Guiding Principles

Through the application of these guiding principles, borrowers will be able to expect a high level of service and accountability from nonprofit, state-based, and state-chartered organizations (hereafter EFC members) who make education loans, including support services as well as timely and accurate responses to inquiries and complaints.

Student Support & Outreach Programs

EFC members serve as trusted guides, assisting students and their families in navigating postsecondary education options and offering free services related to accessing and paying for postsecondary credentials. To this end, EFC members that make education loans should:

  • Offer and/or partner with K12 schools and other organizations in their state that offer FAFSA completion assistance and information on financial aid options and processes, including assistance with understanding financial aid offers.
  • Provide financial literacy education in coordination with local education agencies and employers, which may include information about projected salaries and return on investment for specific degree and certificate programs.
  • Assist borrowers and their families with managing the repayment of any loans taken out through the organization; this assistance should be provided within the context of all education debt held by the borrower and their family.
  • Provide and/or partner with in-state organizations that provide services and specific outreach to historically marginalized students.

Encourage Smart & Responsible Borrowing

EFC members encourage families to make the best possible decisions for their individual circumstances.

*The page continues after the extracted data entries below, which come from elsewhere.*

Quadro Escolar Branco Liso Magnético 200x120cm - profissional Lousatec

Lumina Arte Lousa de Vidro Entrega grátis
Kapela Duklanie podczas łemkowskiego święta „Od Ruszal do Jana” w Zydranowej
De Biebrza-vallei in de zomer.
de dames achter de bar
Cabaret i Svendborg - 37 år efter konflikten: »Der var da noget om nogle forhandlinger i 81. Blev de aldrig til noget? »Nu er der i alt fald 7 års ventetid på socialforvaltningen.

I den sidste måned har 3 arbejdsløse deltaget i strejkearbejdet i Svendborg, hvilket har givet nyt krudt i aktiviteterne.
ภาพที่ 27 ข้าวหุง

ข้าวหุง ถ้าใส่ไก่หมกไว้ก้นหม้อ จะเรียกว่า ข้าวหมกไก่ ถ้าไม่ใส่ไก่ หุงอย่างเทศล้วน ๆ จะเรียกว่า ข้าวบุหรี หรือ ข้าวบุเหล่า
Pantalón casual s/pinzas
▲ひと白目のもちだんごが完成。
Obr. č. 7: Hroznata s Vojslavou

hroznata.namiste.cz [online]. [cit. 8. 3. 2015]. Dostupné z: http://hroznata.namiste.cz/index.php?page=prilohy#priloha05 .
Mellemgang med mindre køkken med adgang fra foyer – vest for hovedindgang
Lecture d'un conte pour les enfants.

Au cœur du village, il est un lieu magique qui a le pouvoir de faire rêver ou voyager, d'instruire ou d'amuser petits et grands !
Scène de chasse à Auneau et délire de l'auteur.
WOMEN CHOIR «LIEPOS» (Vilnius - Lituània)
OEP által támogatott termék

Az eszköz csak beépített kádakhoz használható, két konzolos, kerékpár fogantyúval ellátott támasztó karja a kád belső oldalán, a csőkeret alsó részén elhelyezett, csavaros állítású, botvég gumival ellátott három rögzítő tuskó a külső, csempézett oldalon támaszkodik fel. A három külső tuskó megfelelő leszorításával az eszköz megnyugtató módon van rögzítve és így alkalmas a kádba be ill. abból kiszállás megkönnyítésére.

To this end, EFC members that make education loans should:

  • Encourage students to exhaust their grant and scholarship aid, Federal Direct Stafford Loans and Federal Direct Unsubsidized Stafford Loans, and available family resources before taking out any other type of in-school loan.
  • Educate families on how Federal Parent PLUS Loans differ from Federal Stafford Loans, including that Parent PLUS Loans lack access to income-driven repayment plans and forgiveness programs, the loans are the responsibility of the parent, and they have higher fees and interest rates than other federal student loans.
  • Clearly communicate the pros and cons of refinancing a federal loan into a non-federal loan, including the loss of federal benefits.
  • For private in-school loans, require that schools certify the enrollment, cost of education, and financial aid of each borrower to avoid unintentional over-borrowing. 
  • Advise students and families to borrow only the amount they need. Selecting and paying for college is a family decision and, as such, the student and family need to understand the total cost of the college selected. Family members borrowing on behalf of a student or cosigning a student loan should be counseled to understand their rights and responsibilities in regard to repaying education loan debt.

Affordable Loan Terms & Repayment Options

EFC members offer low-cost loans with transparent terms. To this end, EFC members that make education loans should:

  • Offer a low-interest rate loan, including a fixed rate option, and no origination fee.
  • Prominently disclose the annual percentage rate, financing costs, total cost of the loan, and other terms and benefits to the borrower prior to loan origination.
  • Offer one or more flexible repayment options to meet the needs of families’ varying financial situations and allow borrowers to prepay without penalty. 
  • Proactively communicate with borrowers and cosigners to inform them of their rights, responsibilities, and repayment options.
  • Explore partnership opportunities to assist borrowers in paying down their education loan debt.

Help For Borrowers In Distress

EFC members work closely with borrowers experiencing personal hardship or financial difficulties to offer guidance and assistance. To this end, EFC members that make education loans should:

  • Proactively make every reasonable effort within existing laws and regulations to contact private student loan borrowers who are behind on their payments to assist them with getting their loans out of delinquency. Strategies to help borrowers may include but are not limited to a short deferment or forbearance, a temporary reduced payment plan, and refinancing options. 
  • Forgive the loan(s) for a student borrower who is the beneficiary of the loan proceeds who dies or becomes totally and permanently disabled after the full disbursement of the loan, and proactively inform borrowers and/or family members who are eligible for forgiveness. If the loan of a deceased or totally and permanently disabled student borrower has a cosigner, the cosigner should be released from the obligation and the loan forgiven.
  • Adhere to their long-standing practice of not accelerating or placing a good-standing loan in auto default due to a cosigner’s death or bankruptcy filing.
  • Whenever possible, work with individual borrowers who have defaulted on their loans, or who are experiencing long-term financial hardship, to modify their repayment plan to help the borrower return to, and stay on track with, their repayment and mitigate the negative consequences of default.
  • In the event that collection activities are employed, charge only those collection fees that are reasonable in relation to the cost of collecting the debt.

Last Updated: September 2024

This serves as a guiding statement for EFC members that make loans to cover educational expenses and/or loans to refinance existing education loan debt. It outlines the general principles these organizations should follow to promote borrower success. Through the application of these guiding principles, borrowers can expect a high level of service and accountability from EFC members that make education loans, including support services and timely and accurate responses to inquiries and complaints.